### Collected data
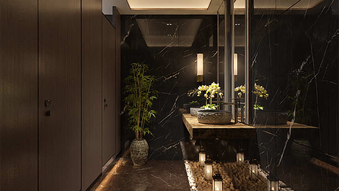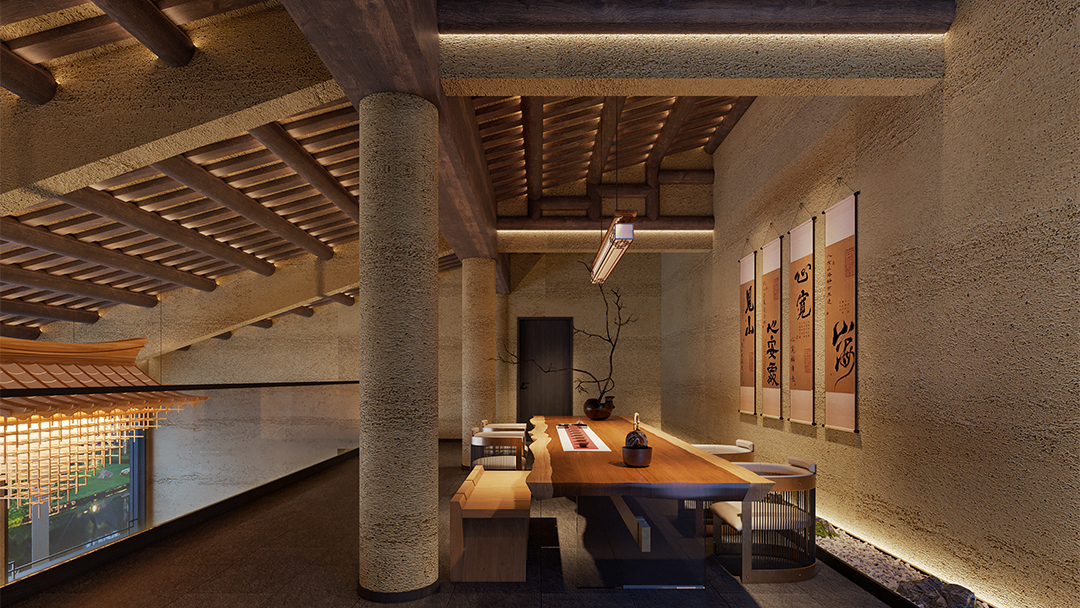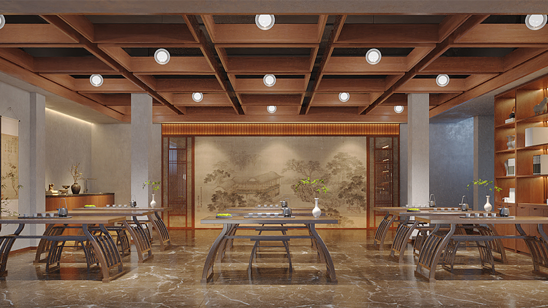 針對不同場景需求,劃分開放品茗區(qū)、私密包廂及商務(wù)洽談區(qū)。例如大廳設(shè)置可移動格柵實(shí)現(xiàn)空間靈活分隔,包間融入榻榻米茶席與獨(dú)立衛(wèi)浴,兼顧社交儀式感與實(shí)用性。 - 細(xì)節(jié)處的文化敘事
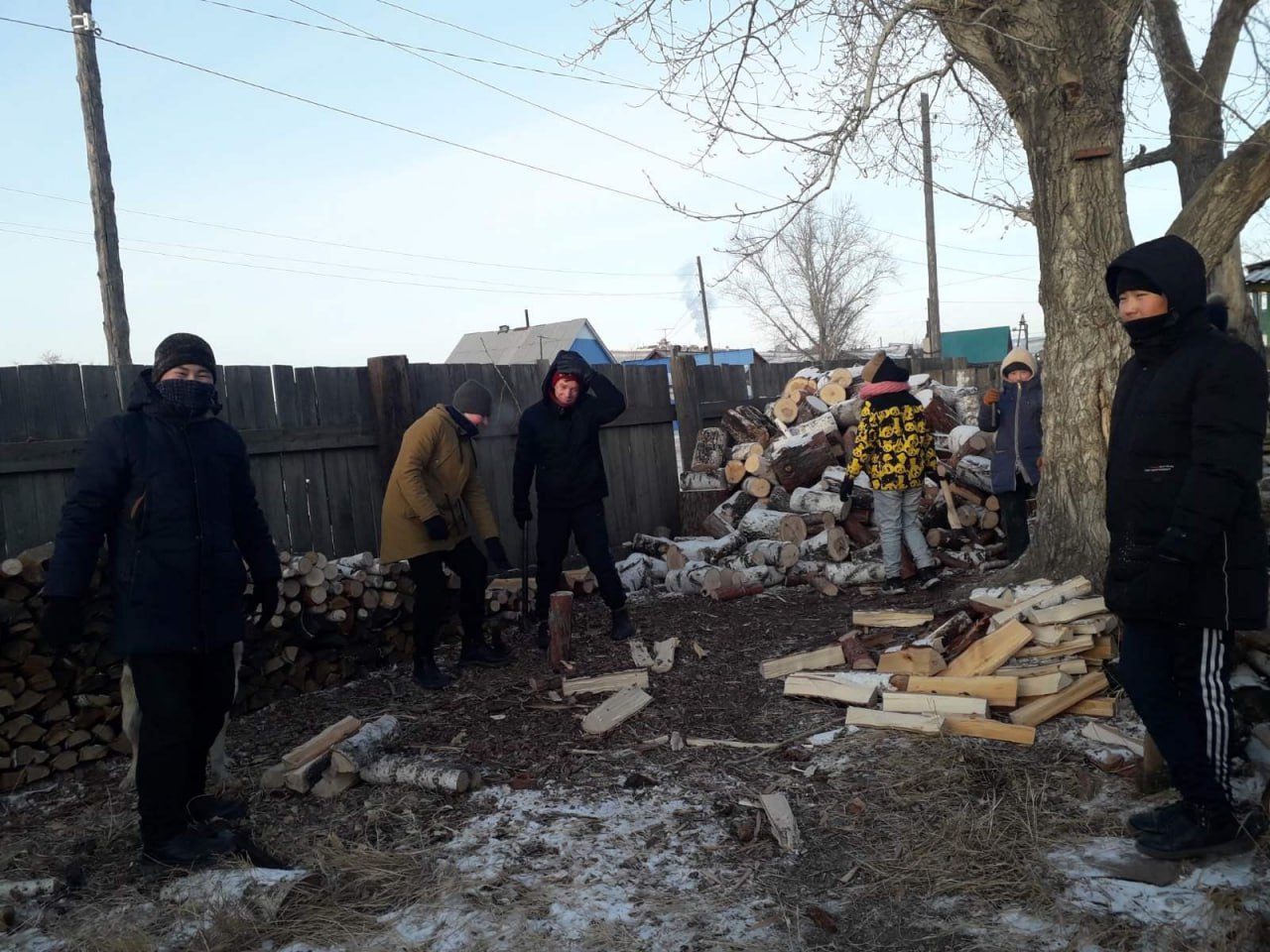 Ученики Могойтуйской школы №1 раскололи и сложили дрова семье погибшего в спецоперации Алексея Овчинкина.
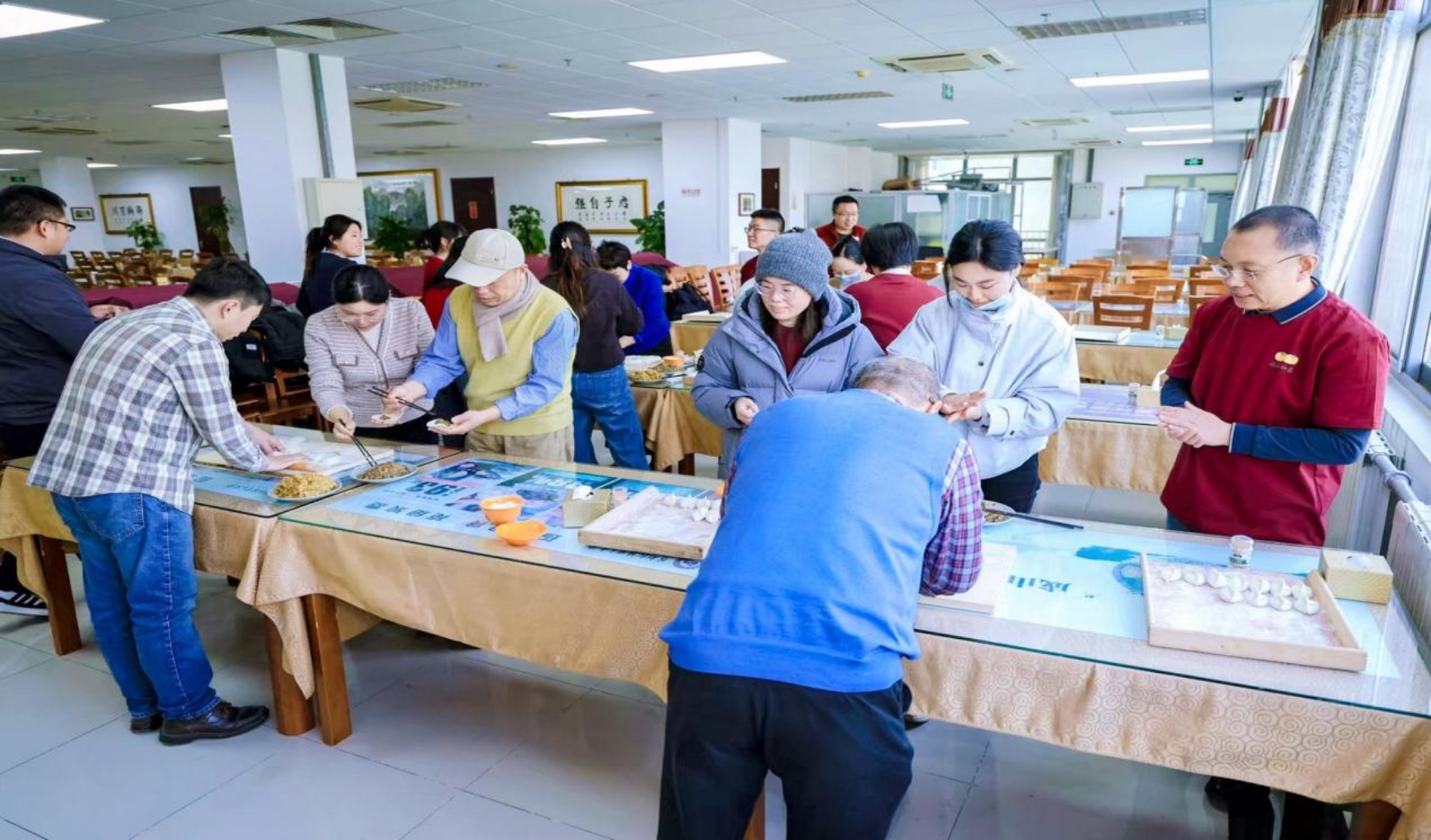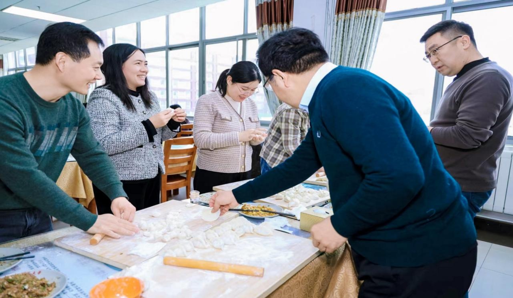 上午10时,第二餐厅二层教工食堂暖意融融,老师们自发分组、分工协作,揉面、擀皮、包馅、捏合,动作娴熟默契十足。大家一边忙碌一边畅谈工作与生活,分享过去一年的收获与感悟,温馨的话语与面团的清香交织,让教工食堂充满了“家”的温暖。

### What is being asked
Omit pictures; set down the rest of the material word for word.

### Answer below
 針對不同場景需求,劃分開放品茗區(qū)、私密包廂及商務(wù)洽談區(qū)。例如大廳設(shè)置可移動格柵實(shí)現(xiàn)空間靈活分隔,包間融入榻榻米茶席與獨(dú)立衛(wèi)浴,兼顧社交儀式感與實(shí)用性。 - 細(xì)節(jié)處的文化敘事
 Ученики Могойтуйской школы №1 раскололи и сложили дрова семье погибшего в спецоперации Алексея Овчинкина.
 上午10时,第二餐厅二层教工食堂暖意融融,老师们自发分组、分工协作,揉面、擀皮、包馅、捏合,动作娴熟默契十足。大家一边忙碌一边畅谈工作与生活,分享过去一年的收获与感悟,温馨的话语与面团的清香交织,让教工食堂充满了“家”的温暖。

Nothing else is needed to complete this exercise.